ABSTRACT

Temporality is evidently an organized structure. The three so-called “elements” of time, past, present, and future, should not be considered as a collection of “givens” for us to sum up-for example, as an infinite series of “nows” in which some are not yet and others are no longer-but rather as the structured moments of an original synthesis. Otherwise we will immediately meet with this paradox: the past is no longer; the future is not yet; as for the instantaneous present, everyone knows that this does not exist at all but is the limit of an infinite division, like a point without dimension. Thus the whole series is annihilated and doubly so since the future “now,” for example, is a nothingness qua future and will be realized in nothingness when it passes on to the state of a present “now.” The only possible method by which to study temporality is to approach it as a totality which dominates its secondary structures and which confers on them their meaning.
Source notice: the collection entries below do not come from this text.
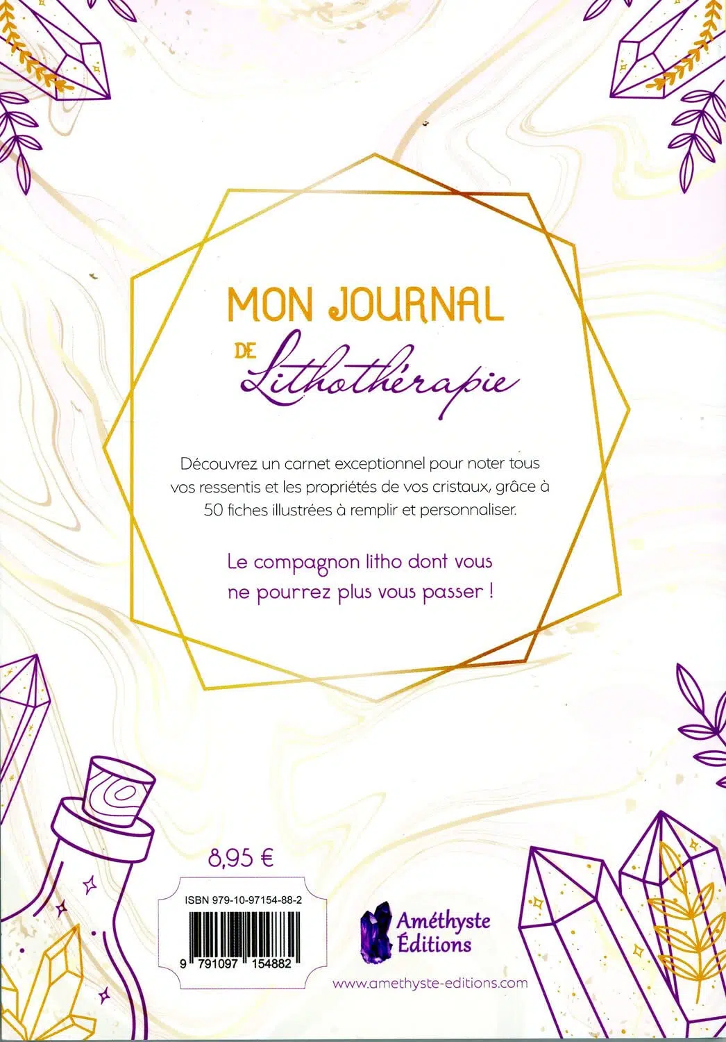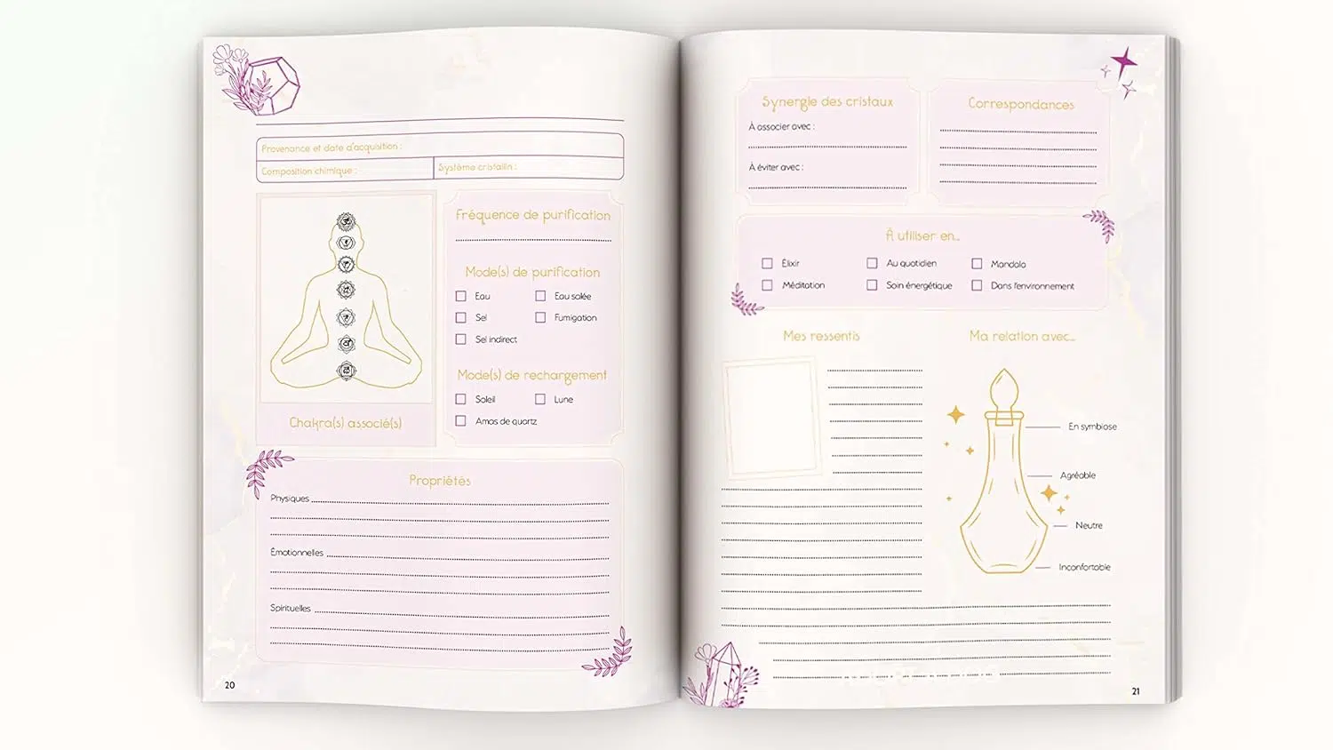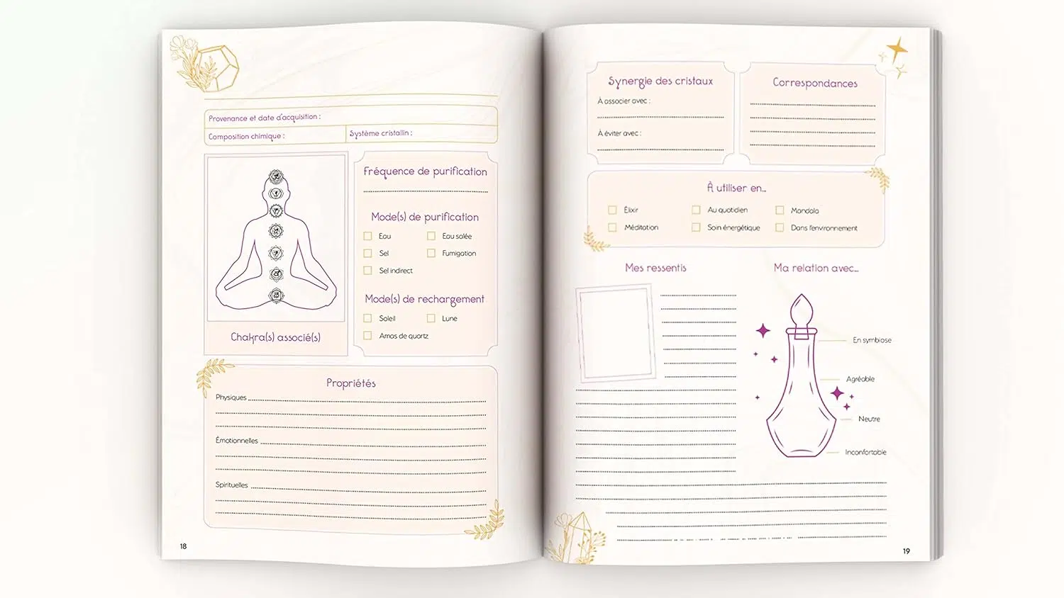 Enfin un journal de litho à votre image. Mon journal de lithothérapie est le compagnon indispensable pour tout passionné de cristaux. Avec ses cinquante fiches à remplir, il deviendra un outil précieux pour garder un suivi de votre collection et noter toutes vos expériences. Propriétés de chaque cristal, chakras associés, synergies, correspondances, fréquence de purification, ressentis personnels...
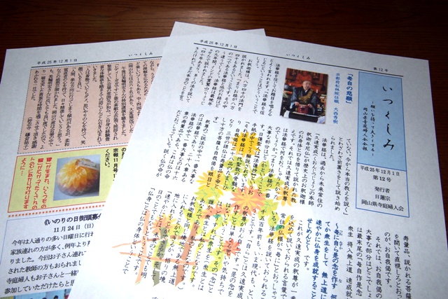 2013年12月09日(月) 住職ブログ いつくしみ第12号 先日、岡山県寺庭婦人会の会報が届きました。年2回の発行で今回で12号だそうです。毎回、寺庭婦人会の活動報告、コラム、食事のレシピ、仏事解説などバラエティーに富み分かりやすく書かれていて、とても勉強になります。当寺でも寺報を発行していますが、「いつくしみ」を参考に昨年よりカラー紙面に変更しました。宗務所ブログで詳細を読むことが出来ます。ぜひご覧下さい!こちらへ
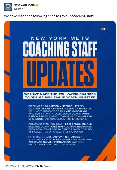 Among the most notable departures are pitching coach Jeremy Hefner and hitting coach Eric Chavez, both of whom will not return for the 2026 campaign. The shakeup didn’t stop there, as the Mets also confirmed that assistant hitting coach Jeremy Barnes won’t be back.
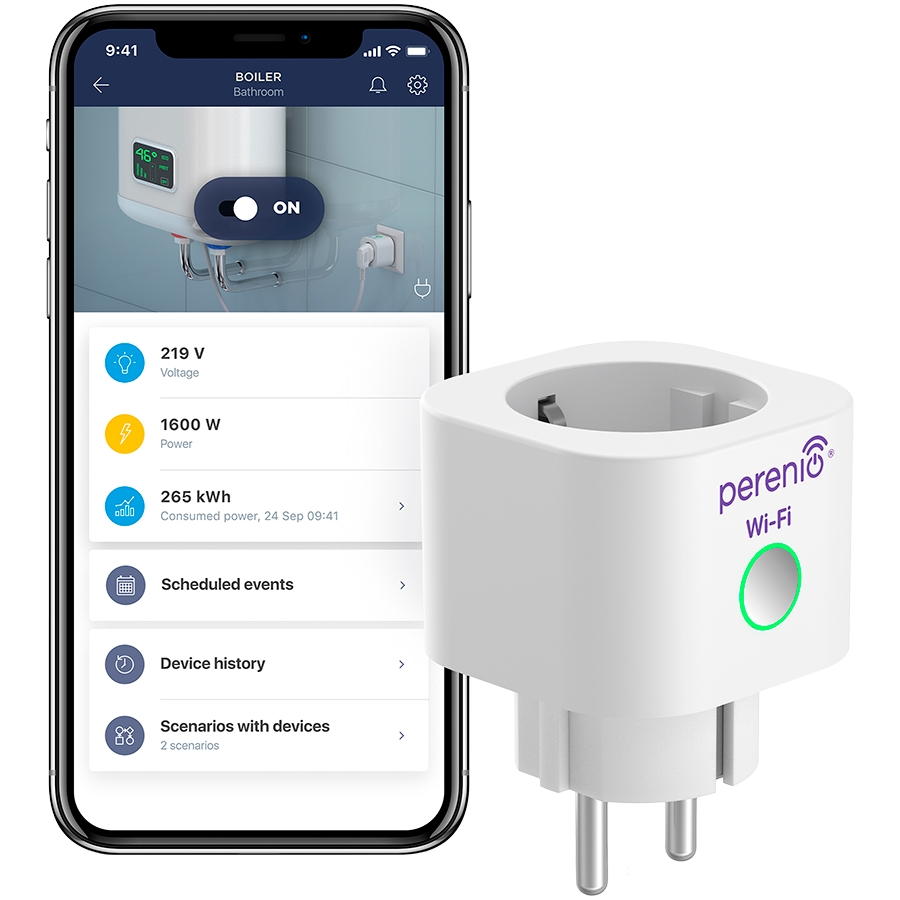 Smart Power Plug is a device to control remotely via Wi-Fi connected through it load, measure its power and monitor electrical energy consumption. White color, multi language version.
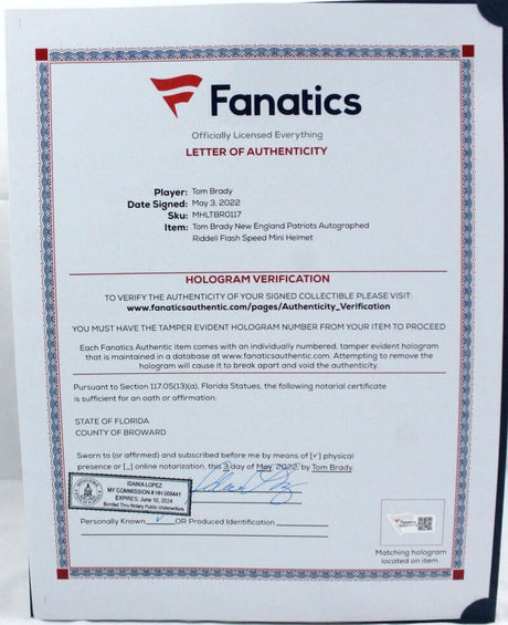 Very low stock (1 unit)$2,369Unit price /Unavailable Tom Brady Signed New England Patriots Riddell Speed Mini Helmet (Fanatics LOA)
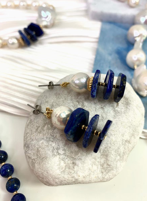 These handmade earrings are made of lapis lazuli stones with freshwater pearls and Japanese gold plated brass findings. It can be worn with a dress, blouse, or denim from day to night for any occasion. Matching with our Farra lapis necklace and a straw hat to complete your look!
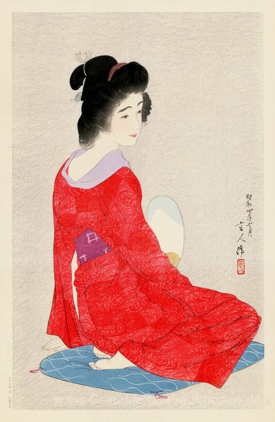 Wir bieten Ihnen eine handgefertigte Reproduktion auf Leinwand des berühmten Kunstwerks 'In einer langen Unterwäschen (Variante)' von Torii Kotondo, aus dem Reproduktionsmuseum.
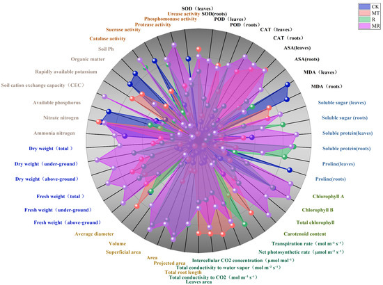 It was observed that compared to CK (Table 3), the MT group had a significantly increased transpiration rate of the leaves and moderately enhanced net photosynthetic rate, intercellular CO2 concentration, leaf area, total conductance to water vapor, and total conductance to CO2 (p < 0.05), respectively. The R group had a significantly improved net photosynthetic rate and leaf chamber CO2 concentration as well as moderately increased intercellular CO2 concentration, intercellular CO2 partial pressure, leaf area, stomatal conductance to water vapor, and boundary layer conductance to water vapor, but it had a notably decreased transpiration rate. Compared to the CK group, the MR group significantly enhanced the transpiration rate (49%, p < 0.05), net photosynthetic rate (47.1%, p < 0.05), leaf chamber CO2 concentration (47%, p < 0.05), intercellular CO2 concentration (80.3%, p < 0.05), intercellular CO2 partial pressure (33.3%, p < 0.05), leaf area (33.7%, p < 0.05), stomatal conductance to water vapor (42.9%, p < 0.05), boundary layer conductance to water vapor (50%, p < 0.05), total conductance to water vapor (34%, p < 0.05), and total conductance to CO2 (39.6%, p < 0.05).
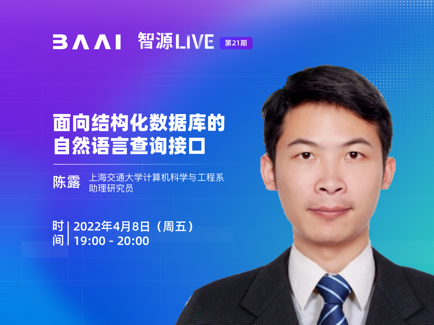 由智源社区举办的「智源LIVE 第22期 | 面向结构化数据库的自然语言查询接口」将于4月8日19:00-20:00举办,上海交通大学计算机科学与工程系助理研究员,陈露作主旨报告,将介绍介绍团队提出的基于线图增强的Text-to-SQL模型LGESQL。
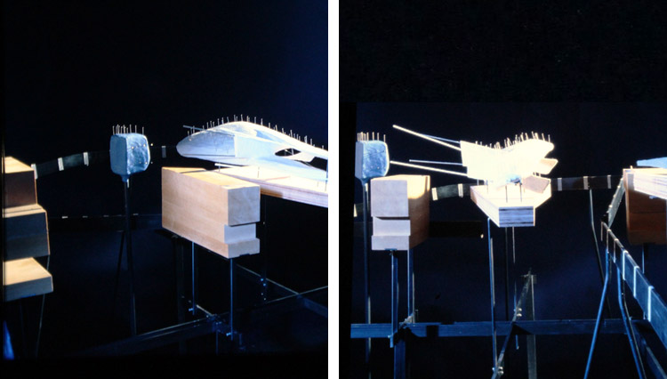 Das theoretische Projekt für ein Hotel an der West Side Highway in New York verwendet einen Fotoapparat, den ich selbst umgebaut habe, um Fotos nach der Fotofinish-Methode zu schießen. In einem 8 Meter großen Model wird der Fotoapparat an Schienen entlang des West-Side-Highways „gefahren“, währenddessen Langzeit-Fotos aufgenommen werden. Der Fotoapparat übernimmt damit den Blickpunkt eines Autos, von dem aus das Hotel immer wieder neu wahrgenommen wird - als Auto, das sich dem Gebäude nähert und dann vorbeifährt, um vom Highway abzubiegen und am Hotel anzukommen. Durch die Auseinandersetzung von Fotografie und Modelbau wurde die Architektur des Hotels entwickelt.
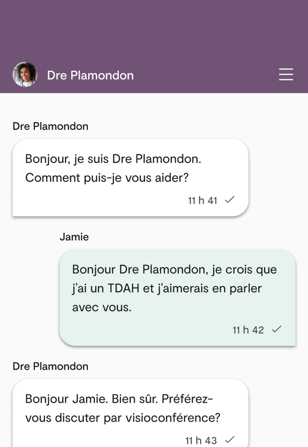 Connectez-vous à votre compte Maple à l’heure prévue de votre rendez-vous. L’évaluation et la présentation du diagnostic ainsi que des options de traitement seront menées par visioconférence. Ces consultations s’étalent généralement sur trois séances.
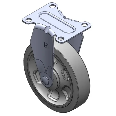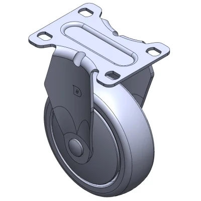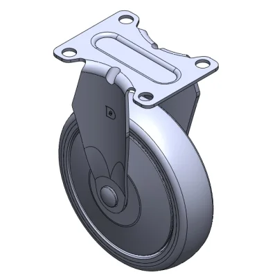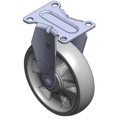 Bánh xe cố định, khung dập liền khối — lỗ dụng cụ Bề mặt rung, thiết bị lắp đặt tấm đế Lõi bánh xe bằng polypropylene gia cố chống va đập, bề mặt bánh xe bằng nhựa nhiệt dẻo đàn hồi (TPR) Màu xám, ổ trục bánh xe — ổ trục bi chính xác.
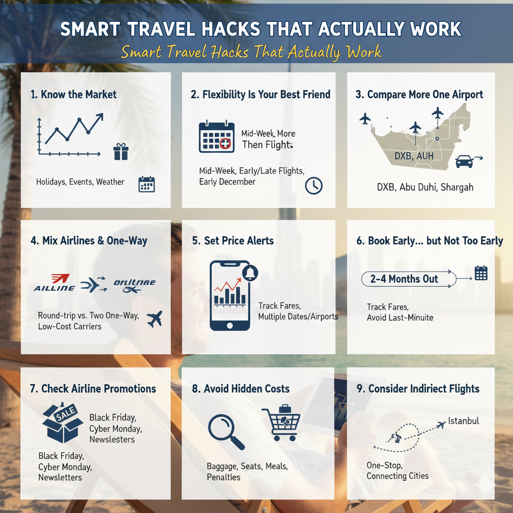 If you’re planning a December getaway to Dubai, Abu Dhabi, or Sharjah, this guide offers practical and easy-to-follow hacks that will help you save money, choose better flight options, and enjoy a smoother travel experience.
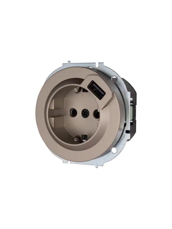 - Розетка 1-м СП OSEN с заземл. + USB разъем механизм титан LEZARD 743-3788-181
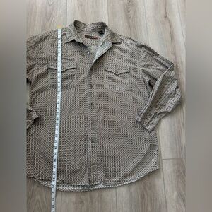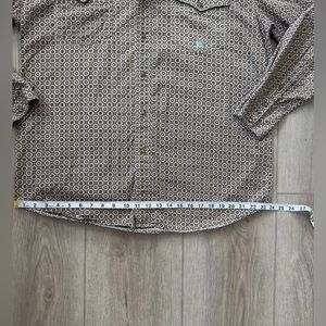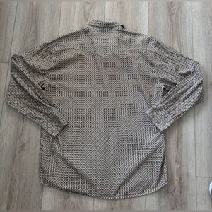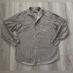 Roper shirt with intricate geometric design. Features brown and white colors. Perfect for casual wear.
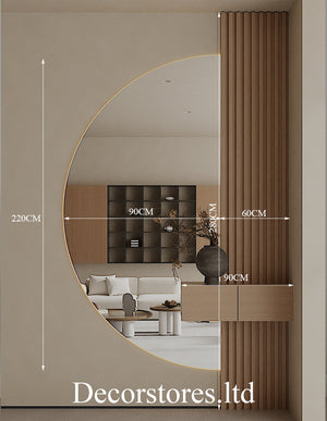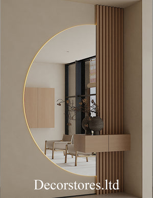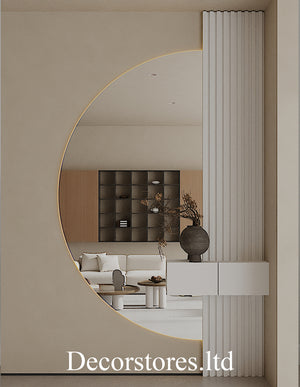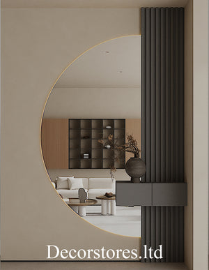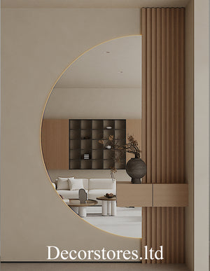 A circular mirror integrated with a wooden shelf featuring a modern and simple design, perfect for adding a stylish and practical touch to any interior space.
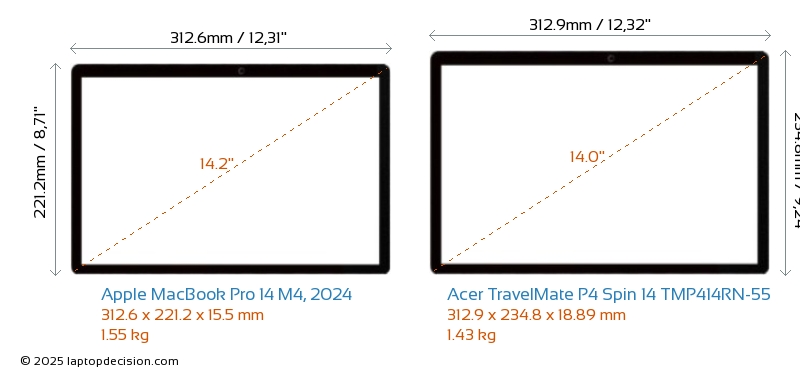 HDMIAmbos MacBook Pro 14 M4, 2024 y TravelMate P4 Spin 14 TMP414RN-55 cuentan con un puerto HDMI (1x HDMI 2.1) para conectar a monitores externos.
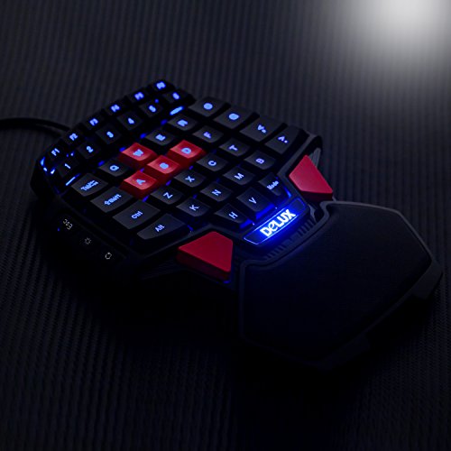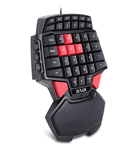 - Feature : Professional singlehanded gaming keyboard ,Ergonomic design with palm / 41 keys, 6 keys with multimedia function, Keystroke lifetime: 10 million cycles. / Simple and practical design, the volume is a palm-sized, very convenient to carry / Built in RGB 3-color backlight. You can play the game easily even if you are in the weak light. / Red Cap AWSD Keys Special For One Hand Game, Compatibility: Win 2000/Win XP / Win Visa / Win 7/ Win 8
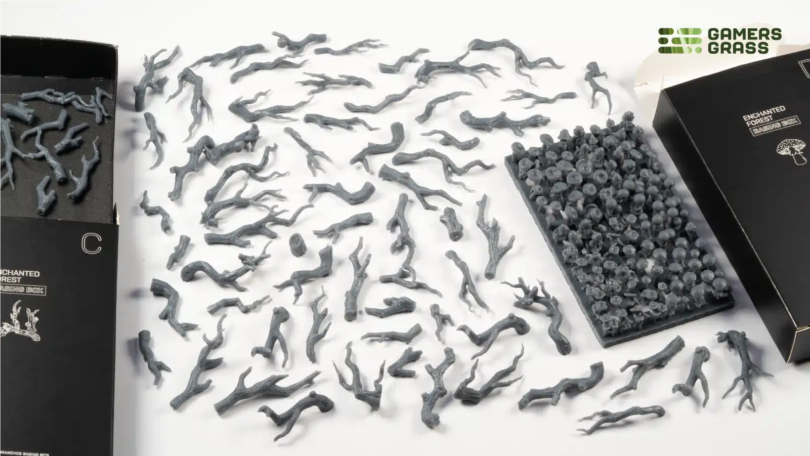 The Enchanted Forest Basing Box delves deep into a magical place, a lush forest where colorful mushrooms pop, intertwined with old roots, twigs, and logs. Amidst the dense woodland vegetation, a natural calmness is felt by many inconspicuous critters. That same essence is met by the ever-watchful gaze of the ravens – wise guardians of the site. For now, the wonders of this mysterious site lie hidden from many. Will your forces protect it?
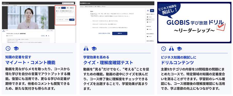 グロービス学び放題 は、インプット学習に加えて、学習した知識をアウトプットする仕組みも用意しています。例えば、演習問題やテスト、AIによるフィードバック機能を通じて理解度を定着させ、知識を実践へと繋げます。
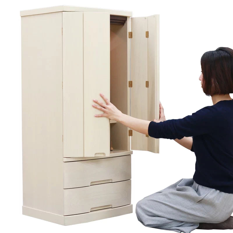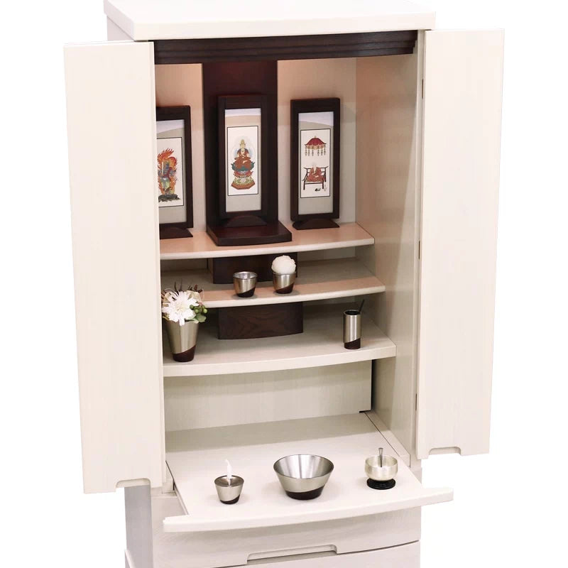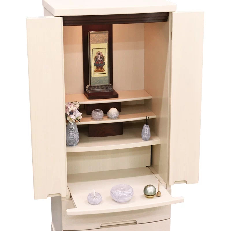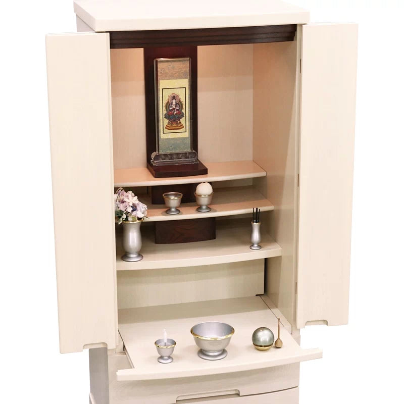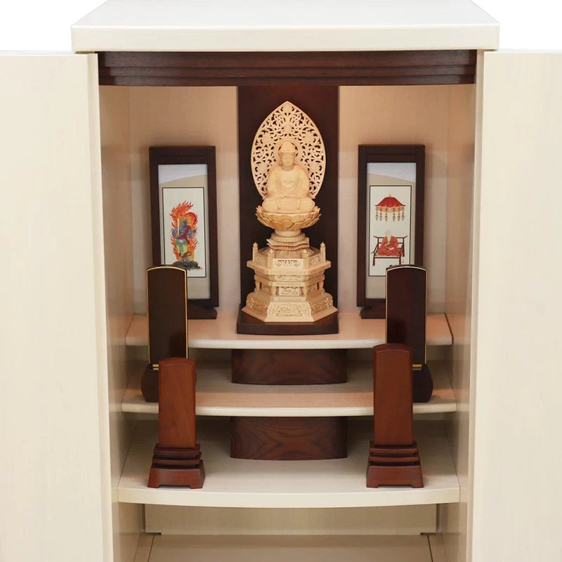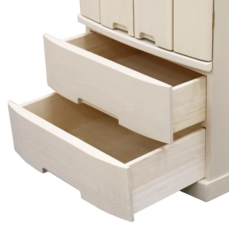 木材は強さに定評のあるタモ材を使用。扉は総無垢材、その他も厚板貼りととてもふんだんに木材を使用した高スペックな作りとなっております。表面にはウレタン塗装を施し、熱・水・キズから木材をしっかりと保護しております。やわらかなクリームホワイトのお色で、お部屋のインテリアとも馴染みます。国産の高品質なお仏壇ですので安心して末永くお使い頂けます。

We will never lose sight of this fact. Nevertheless we can not launch into an examination of the being of Time without a preliminary clarification of the too often obscure meaning of the three dimensions by means of pre-ontological, phenomenological description. We must, however, consider this phenomenological description as merely a provisional work whose goal is only to enable us to attain an intuition of temporality as a whole. In particular our description must enable us to see each dimension appear on the foundation of temporal totality without our ever forgetting the Unselbständigkeit of that dimension.